Principal Component Analysis

Principal Component Analysis, or PCA is a widely used method to explore linear associations among variables of large datasets. There is, unfortunately, no consistent implementation of this technique in R, which is even more a problem because the numerous additional R packages that provide enhanced versions of PCA, or additional tools, have no consistent interfaces. In the stats package, there are two implementations called princomp() and prcomp() that both create S3 objects of the same name. There are a few methods available, like print(), summary(), plot(), predict() or biplot(). The whole set is rather deceptive and produces less interesting plots than other (more specialized) software can do. For instance, there is nothing to plot the so-called “graph of the variables” in the French terminology and you have to program it yourself.

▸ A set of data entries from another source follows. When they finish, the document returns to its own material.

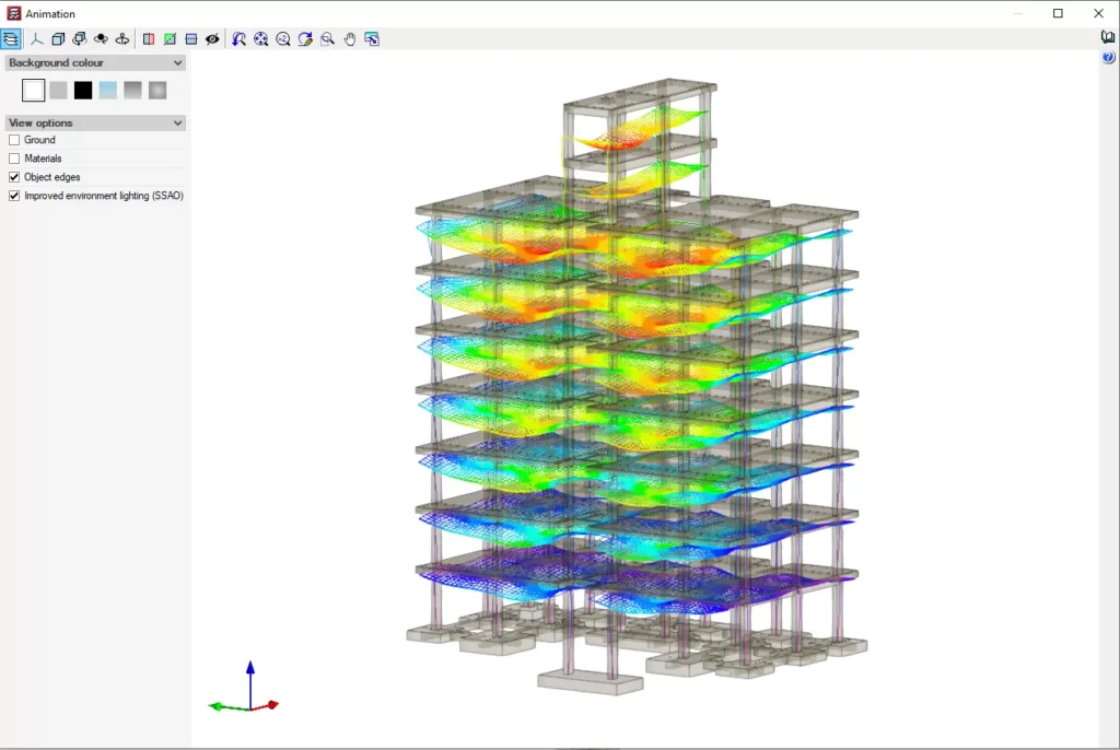 - Analizat: CYPE 3D kryen analiza sismike dhe analiza për ngarkesat e erës, duke marrë parasysh efektet e rendit të dytë (P-delta).
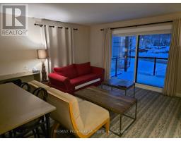 $946.26 MonthlyThis Summit Lodge unit is tenant-occupied and shows very well. It is not on the resort rental program but has a long-term tenant. No HST. This suite is on the second floor, which means fewer stairs to climb. This suite is furnished, as seen. The comfortable unit has a single King bed in the bedroom. There is a cozy gas fireplace in the living room. The view from the windows and balcony beautiful, especially in the Fall. Also, if you're looking to go for a swim in the nearby outdoor pool - you can scope out if it's busy or not right from the comfort of your suite. Being conveniently located close to the Main Building at Deerhurst Resort, you have convenient and easy access to the many activities, restaurants and other amenities. Owners receive discounts on food and beverage as well as some activities plus free use of cross country skis, snowshoes, canoes and kayaks plus the waterfront which has both deep water as well as a shallow beach. There are so many activities to do that no members of the family will be bored in either summer or winter: paintball, tree top trekking, cross country skiing, downhill skiing, snow shoeing, snowmobiling, hiking trails, beach, boating, fishing, indoor and outdoor swimming pools, tennis courts, golf, and much more! This is truly an amazing Resort. All utilities including WIFI and Cable TV are included in the condo fee. (id:50886)
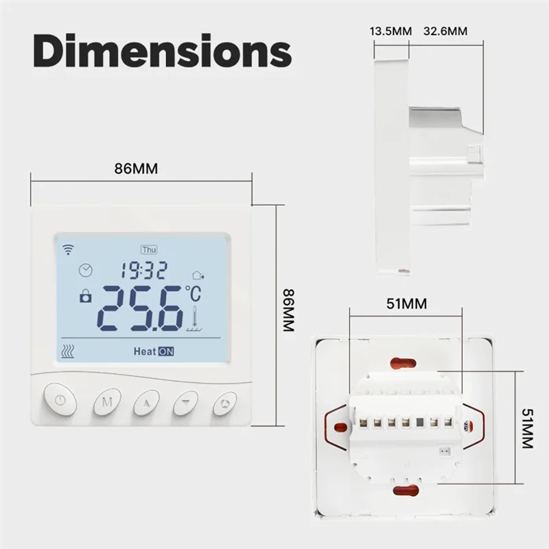 3. Timing function: Set weekly programming according to user needs and habits, automatically adjust the room temperature at a fixed time, and provide a personalized temperature control experience.
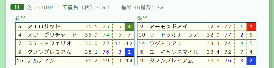 近4年で「推定後半3ハロン」1位は3勝&2着1回とパーフェクト連対。近6年の勝ち馬の5頭までが「推定後半3ハロン」4位以内に該当。
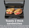 - Toast Multiple Sandwiches: Toasts up to 2 thick sandwiches at once or accommodates one long sandwich on its 70" square cooking surface.
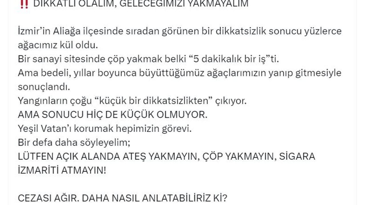 ANKARA, (DHA)- TARIM ve Orman Bakanı İbrahim Yumaklı, İzmir'in Aliağa ilçesinde dikkatsizlik sonucu çıkan yangında yüzlerce ağacın kül olduğunu belirterek, "Lütfen açık alanda ateş yakmayın, çöp yakmayın, sigara izmariti atmayın. Cezası ağır. Daha nasıl anlatabiliriz ki? Doğaya verdiğimiz zarar yarınımıza, geleceğimize verilmiş bir zarardır" dedi.

Of course, there are several specialized R packages available that provide more powerful and/or more extended implementations, among others: ade4, FactoMineR and vegan. Each of these packages has a totally different approach: ade4 creates a c('pca', 'dudi') S3 object and proposes nice graphs but has an interface that is completely inconsistent with usual R analyses (no optional formula interface, exotic names of arguments, non-standard handling of missing data, etc.). Object orientation and name of objects are obscure and do not facilitate first use of the PCA in ade4. A PCA is done, indeed, using the dudi.pca() function (or possibly, nipals(), but that creates a different nipals object). The same remarks can be made about the interface of functions in FactoMineR: they use strange arguments and do not respect the general organization of analyses in R (an object constructs the analysis, possibly defined using a formula; methods summarize or plot the results piece by piece). At least, name of function and object related to PCA are clear in FactoMineR: PCA(). There is also a non conventional handling of missing observations. But the function is powerful and allows for several investigations around the PCA. In vegan, there is no PCA function, but a redundancy analysis rda(), which reduces to a classical PCA when arguments X = and Y = are missing. It creates a c('cca', 'rda') S3 object which is not optimized at all for holding pure PCA data (many unnecessary items in it for a PCA). Finally, labdsv uses the default prcomp(), but it wraps it into a pca S3 object, in order to define additional plotting methods that are consistent with the other analyses and objects in that package. Note that both pca S3 objects in ade4 and labdsv are completely different, and you are likely to get very bad results in case you load both packages and mix their respective methods!

So, given that chaotic set of PCA functions in R, would it be possible to design an object with minimal code that reuses code in the stats package (princomp() and prcomp()), provides a couple of additional methods to make decent variables and individuals plots (possibly with ellipses or convex hulls for subgroups) in a way that a whole analysis would be easy to perform and to read in R code? We have tried to do so in the present SciViews package.

It would have been nice to name our object pca. But that pca S3 object could not be compatible with ade4’s pca object. So, we decided to give it a different name: pcomp.

The pcomp object

The pcomp S3 object, inherits from pca and princomp. It returns a list with components:

  • loadings: (also required for labdsv’s pca object). This is $rotation in prcomp, and a loadings object in princomp,

  • scores: (also required for labdsv’s pca object). Note for scores in princomp, components are Comp.1, Comp.2, etc., in prcomp, they are named PC1, PC2, …, as well as in pca). So, we keep PC1, PC2, … This is $x in prcomp. For princomp(), the argument scores = TRUE (by default) must be used to get these.

  • sdev: (also required for **labdsv*’s pca object). princomp() uses names (to rename into PC1, PC2, …), while prcomp() does not,

  • totdev: the total deviance, as required to be compliant with labdsv’s pca object.

  • n.obs: the number of observations,

  • center: (use 0 for all, if not centered),

  • scale: (use 1 for all, if not scaled),

  • method: currently only either svd (and the computation is the same as prcomp()), or eigen (and the computation is the same as princomp()),

  • call: the matched call,

  • na.action: if relevant.